In an embodiment, S410: The radio frequency unit receives indication information 1 from a main processing module of the distributed unit, where the indication information 1 indicates a mapping relationship 1 to a mapping relationship 3, the mapping relationship 1 associates a resource feature 1 with a processing module 1, the mapping relationship 2 associates a resource feature 2 with a processing module 2, and the mapping relationship 3 associates a resource feature 3 with a processing module 3.

For descriptions of S410, refer to the foregoing descriptions of S310a. Details are not described herein again.

• • S420: The radio frequency unit splits air interface data, and determines the resource feature 1 of service data 1, the resource feature 2 of service data 2, and the resource feature 3 of service data 3.

For descriptions of splitting the air interface data by the radio frequency unit, refer to the foregoing descriptions. Details are not described herein again.

• • S430: The radio frequency unit sends the service data 1 to the processing module 1 based on the mapping relationship 1 and the resource feature 1, sends the service data 2 to the processing module 2 based on the mapping relationship 2 and the resource feature 2, and sends the service data 3 to the processing module 3 based on the mapping relationship 3 and the resource feature 3.

Correspondingly, the processing module 1 receives the service data 1 from the radio frequency unit, the processing module 2 receives the service data 2 from the radio frequency unit, and the processing module 3 receives the service data 3 from the radio frequency unit.

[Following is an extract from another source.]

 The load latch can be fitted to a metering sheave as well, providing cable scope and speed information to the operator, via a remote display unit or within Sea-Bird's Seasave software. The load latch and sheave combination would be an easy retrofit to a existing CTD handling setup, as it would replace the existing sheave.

Further, the processing module 1 processes the service data 1, the processing module 2 processes the service data 2, and the processing module 3 processes the service data 3.

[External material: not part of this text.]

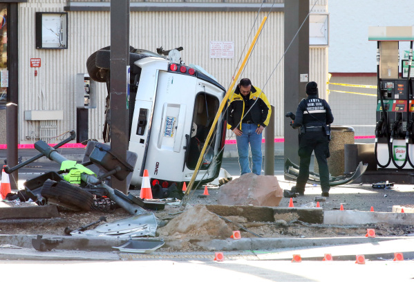About 20 minutes after the incident began, the man failed to stop at a red light and struck a sedan in the intersection of Spring Mountain Road and Rainbow at 3:05 a.m., killing the woman, Meltzer said.

In conclusion, the radio frequency unit can send corresponding service data to each processing module based on an association relationship between a resource feature of service data and a processing module, and then the processing module processes the service data. In this way, overall latency of data processing can be reduced.

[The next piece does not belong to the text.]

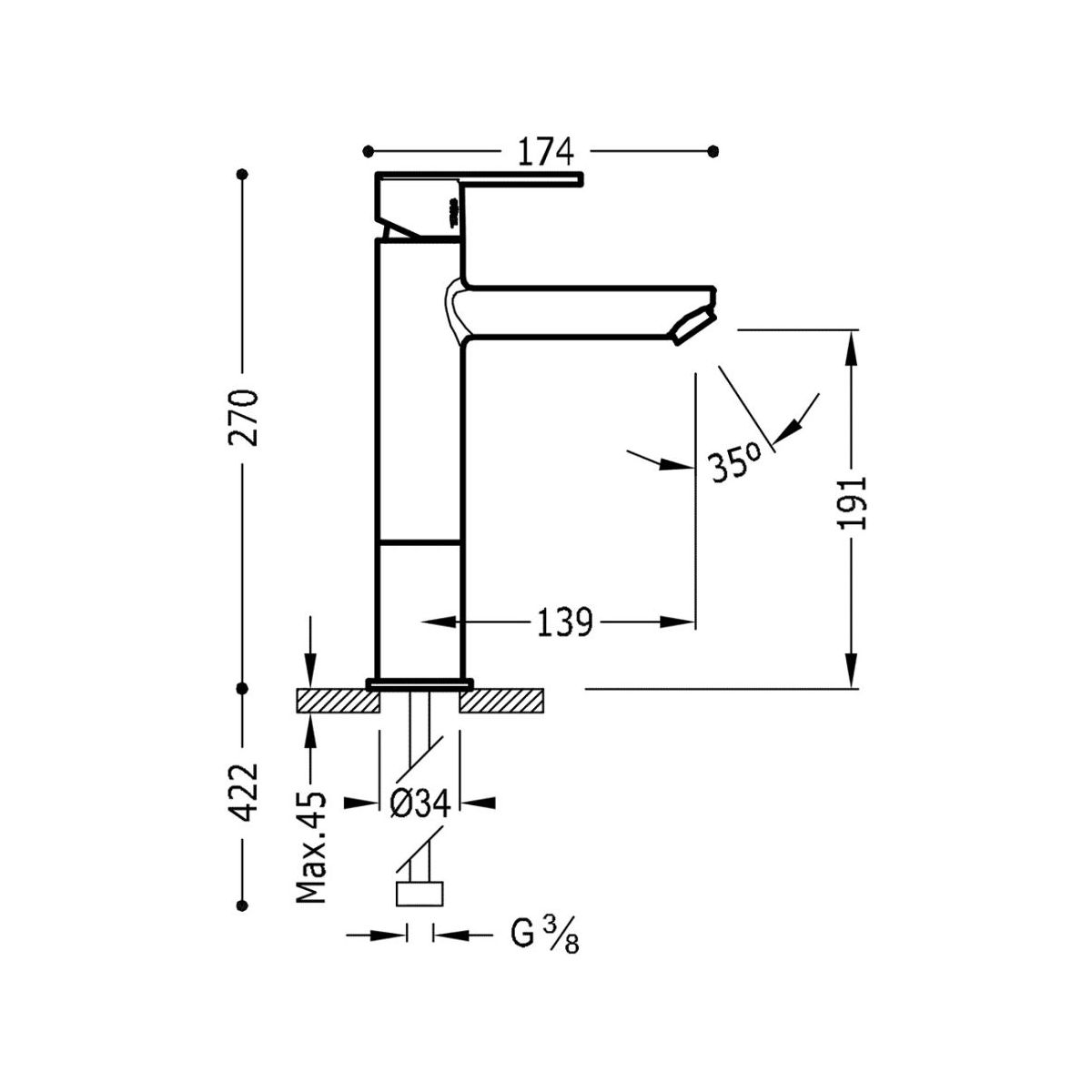 - Höhe der Armatur: 27 cm

It may be further understood that, because the radio frequency unit can perform functions such as channel parsing and service identification, the distributed unit does not need the distribution module shown in FIG. 2. Therefore, overall cost overheads and complexity of a network device can be reduced.

The foregoing describes the method embodiments in embodiments of this application, and the following describes corresponding apparatus embodiments.

To implement functions in the methods provided in embodiments of this application, both the terminal and the network device may include a hardware structure and/or a software module, and implement the functions in a form of the hardware structure, the software module, or a combination of the hardware structure and the software module. Whether a function in the foregoing functions is performed by the hardware structure, the software module, or the combination of the hardware structure and the software module depends on particular applications and design constraints of the technical solutions.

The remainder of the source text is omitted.